(Recorded data)
────────

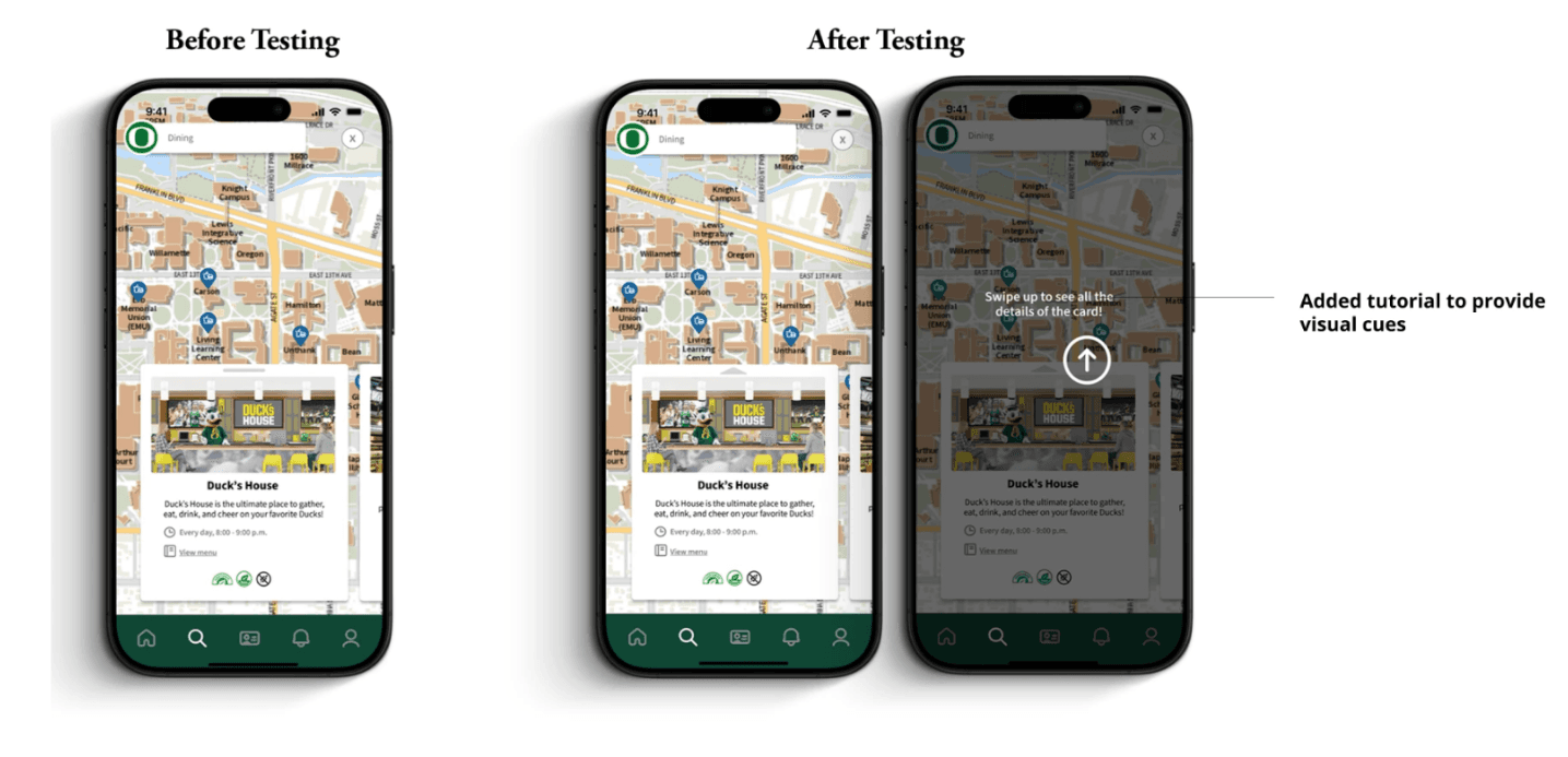 My participants ignored the slider feature, missing out on more information about the dining hall. To increase the visibility, I changed the slider to an arrow and included instructions to swipe up for first-time users.
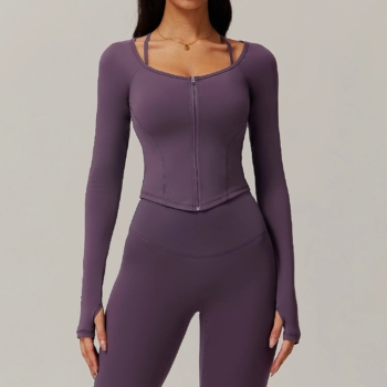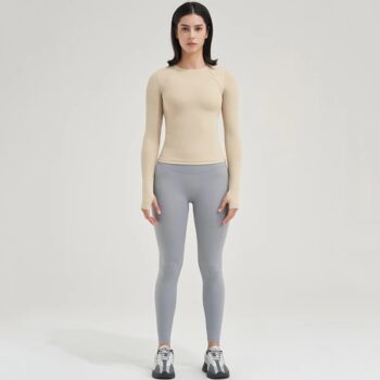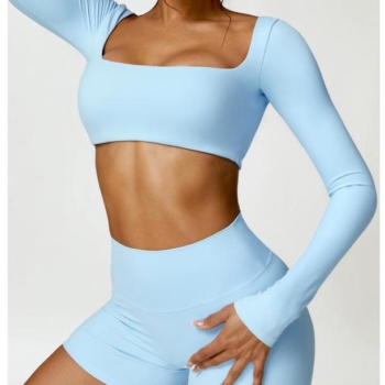 Women’s Quick-Dry Long Sleeve Crop Top – Square Neck Sportswear for Gym & Yoga
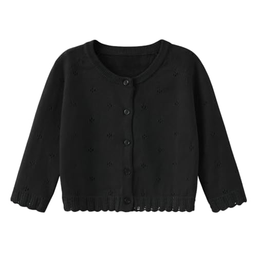 Toddler Baby Girls Knit Cardigan Solid Plain Hollow Open Front Sweater Newborn Infant Fall Jacket with Button
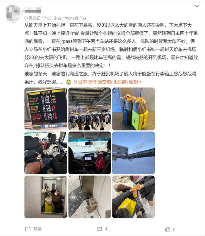 “前一天还在赞叹雪景,晚上就碰到了日本40年难遇的暴雪,我好想哭……”“历经三十四小时没吃饭,四十个小时没睡觉,这辈子再也不想来了。”不少网友发帖吐槽自己的旅程。
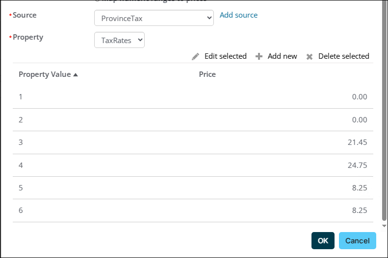 - Map the values you created in the Value list to the desired tax rates. For example:
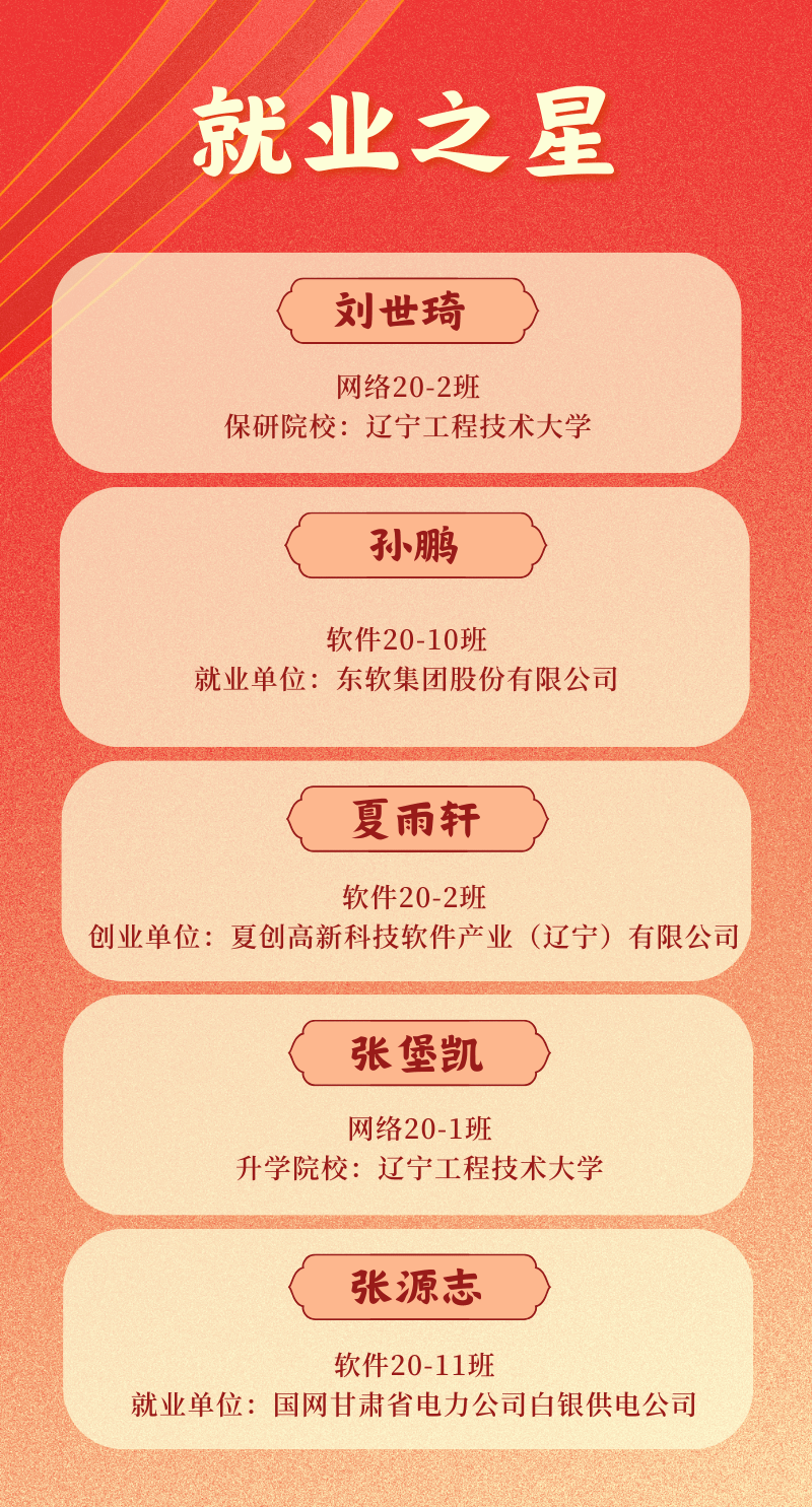 为深入贯彻落实全国两会精神,引导毕业生“立大志、明大德、成大才、担大任”,进一步深化以“成才观、职业观、就业观”为核心的就业育人工作,表彰优秀毕业生,激励在校生成为堪当民族复兴重任的时代新人,热门博彩游戏推荐排行 评选出2024届“就业之星”,他们分别是:
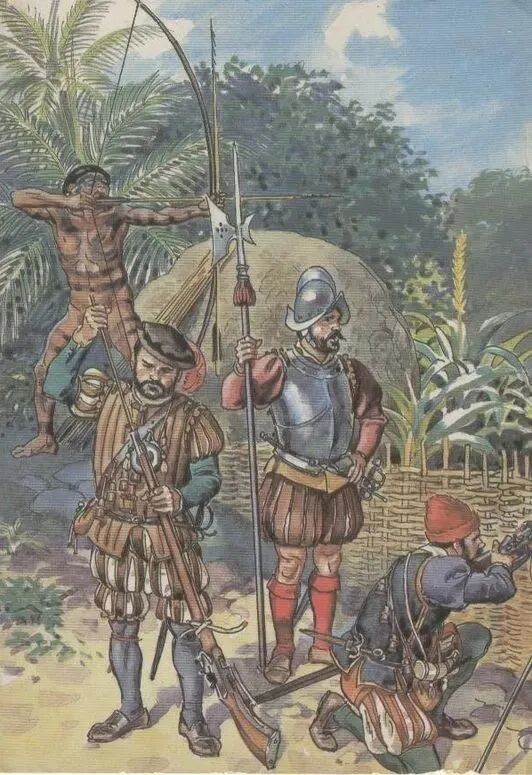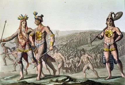 这些印第安人本就对外来者抱有很深的敌意,更别说之前已经有西班牙人祸害过他们,使得他们对西班牙人非常敌视了。因此在发现外敌入侵时,印第安人便马上聚集了起来,在几位“战争酋长”的带领下,几个印第安人部落聚兵一处,纷纷划着独木舟守在探险队的必经之路上,或是躲在沿岸的各个隐蔽处伺机袭击,然后一等巴尔沃亚带领船队经过,便立即冲出,将探险队团团围住,随后便发起了进攻。

────────

**YOUR GOAL**
Nothing but the text is wanted: repeat the data above exactly, without its images.

**SOLUTION TO THIS EXERCISE**
 My participants ignored the slider feature, missing out on more information about the dining hall. To increase the visibility, I changed the slider to an arrow and included instructions to swipe up for first-time users.
 Women’s Quick-Dry Long Sleeve Crop Top – Square Neck Sportswear for Gym & Yoga
 Toddler Baby Girls Knit Cardigan Solid Plain Hollow Open Front Sweater Newborn Infant Fall Jacket with Button
 “前一天还在赞叹雪景,晚上就碰到了日本40年难遇的暴雪,我好想哭……”“历经三十四小时没吃饭,四十个小时没睡觉,这辈子再也不想来了。”不少网友发帖吐槽自己的旅程。
 - Map the values you created in the Value list to the desired tax rates. For example:
 为深入贯彻落实全国两会精神,引导毕业生“立大志、明大德、成大才、担大任”,进一步深化以“成才观、职业观、就业观”为核心的就业育人工作,表彰优秀毕业生,激励在校生成为堪当民族复兴重任的时代新人,热门博彩游戏推荐排行 评选出2024届“就业之星”,他们分别是:
 这些印第安人本就对外来者抱有很深的敌意,更别说之前已经有西班牙人祸害过他们,使得他们对西班牙人非常敌视了。因此在发现外敌入侵时,印第安人便马上聚集了起来,在几位“战争酋长”的带领下,几个印第安人部落聚兵一处,纷纷划着独木舟守在探险队的必经之路上,或是躲在沿岸的各个隐蔽处伺机袭击,然后一等巴尔沃亚带领船队经过,便立即冲出,将探险队团团围住,随后便发起了进攻。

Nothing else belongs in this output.